[Recorded data]
________________________________________
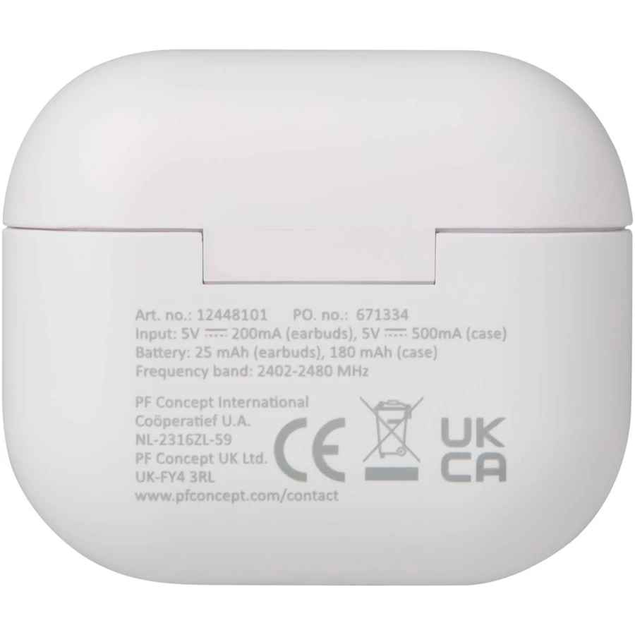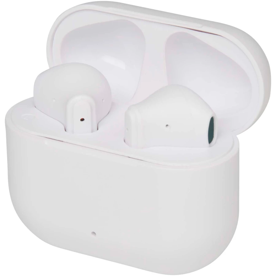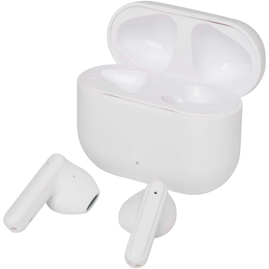 Altais zestaw słuchawkowy stereo TWS Bluetooth®, wykonany z tworzyw sztucznych pochodzących z recyklingu, łączy w sobie komfort i wygodę, a wszystko to w kompaktowym etui ładującym. Dzięki technologii Bluetooth® 6.0 zapewnia stabilną łączność, do 4 godzin rozmów lub odtwarzania muzyki oraz szybkie ładowanie w zaledwie 1–1,5 godziny. W zestawie znajduje się kabel ładujący USB-A do Type-C o długości 30 cm.
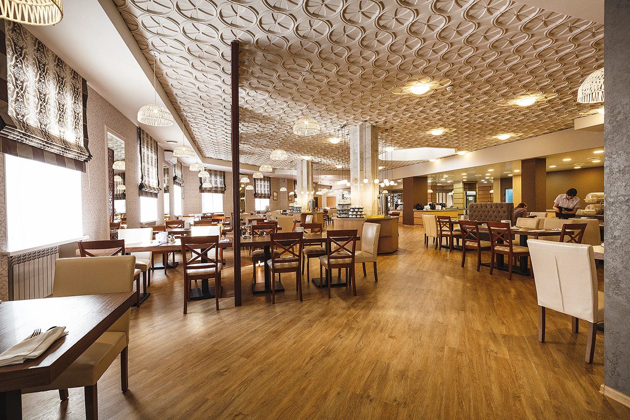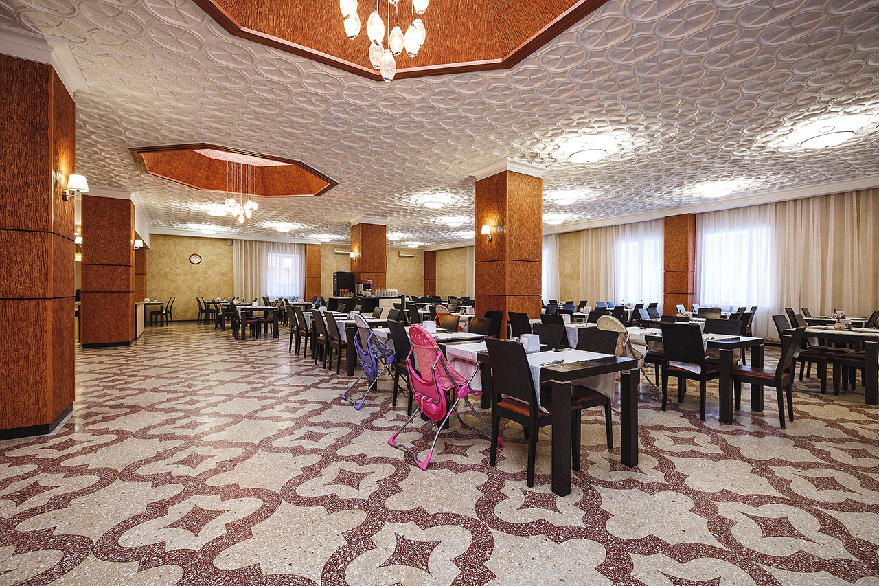 состоит из двух светлых залов на 400 посадочных мест и принимает гостей, проживающих в номерах категории "Стандарт" и "Студия". Питание трёхразовое и организовано по системе "Шведский стол". Для детей до 12 лет и взрослых с заболеванием сахарный диабет добавлены второй завтрак и полдник. Ежедневно на столах отдыхающих более 60 видов блюд, меню обновляется каждые 10 дней. Постояльцы, которые придерживаются диетического питания могут выбрать одну из 14 диет, которые действуют в санатории. Питание организовано в три смены: 1 смена 2 смена 3 смена
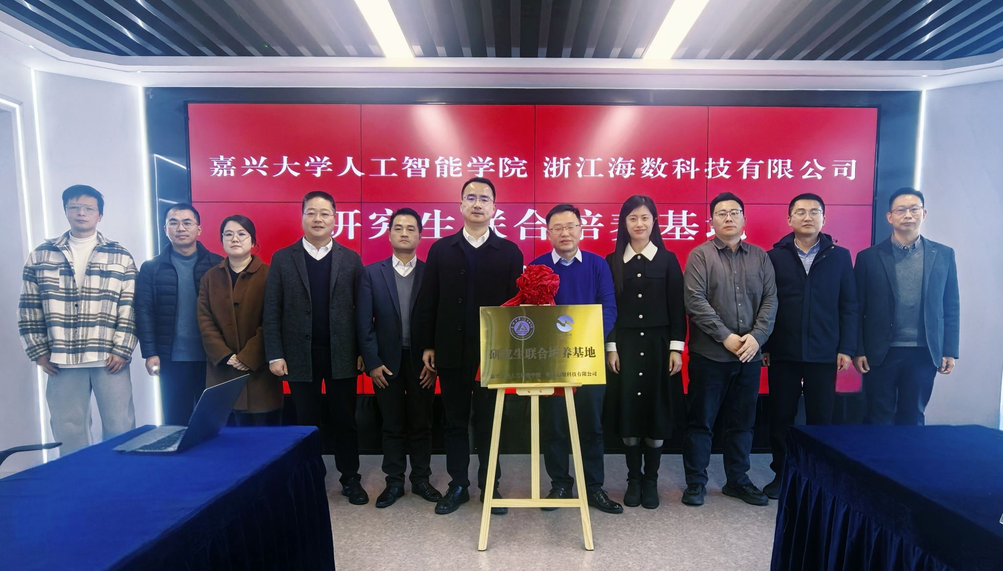 会上,双方签署党建共建、研究生联合培养基地、产学研合作协议书,并为“嘉兴大学人工智能学院——浙江海数科技有限公司研究生联合培养基地”揭牌。根据协议,双方将共建研究生联合培养基地,围绕真实产业课题开展项目制教学与科研实践;联合申报科研项目,开展关键技术攻关;并建立常态化交流机制,推动技术成果转移转化与应用推广。
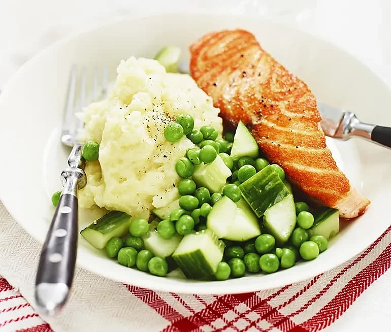Stekt lax med ärtmos
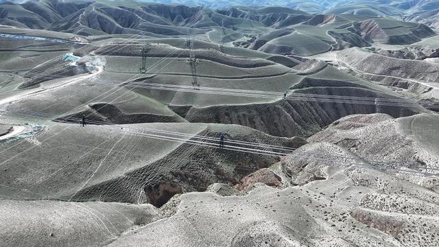 國網青海送變電公司施工人員在玉樹II回330千伏線路工程展放導線。
________________________________________
Pictures aside, every entry above must be repeated exactly.

 Altais zestaw słuchawkowy stereo TWS Bluetooth®, wykonany z tworzyw sztucznych pochodzących z recyklingu, łączy w sobie komfort i wygodę, a wszystko to w kompaktowym etui ładującym. Dzięki technologii Bluetooth® 6.0 zapewnia stabilną łączność, do 4 godzin rozmów lub odtwarzania muzyki oraz szybkie ładowanie w zaledwie 1–1,5 godziny. W zestawie znajduje się kabel ładujący USB-A do Type-C o długości 30 cm.
 состоит из двух светлых залов на 400 посадочных мест и принимает гостей, проживающих в номерах категории "Стандарт" и "Студия". Питание трёхразовое и организовано по системе "Шведский стол". Для детей до 12 лет и взрослых с заболеванием сахарный диабет добавлены второй завтрак и полдник. Ежедневно на столах отдыхающих более 60 видов блюд, меню обновляется каждые 10 дней. Постояльцы, которые придерживаются диетического питания могут выбрать одну из 14 диет, которые действуют в санатории. Питание организовано в три смены: 1 смена 2 смена 3 смена
 会上,双方签署党建共建、研究生联合培养基地、产学研合作协议书,并为“嘉兴大学人工智能学院——浙江海数科技有限公司研究生联合培养基地”揭牌。根据协议,双方将共建研究生联合培养基地,围绕真实产业课题开展项目制教学与科研实践;联合申报科研项目,开展关键技术攻关;并建立常态化交流机制,推动技术成果转移转化与应用推广。
Stekt lax med ärtmos
 國網青海送變電公司施工人員在玉樹II回330千伏線路工程展放導線。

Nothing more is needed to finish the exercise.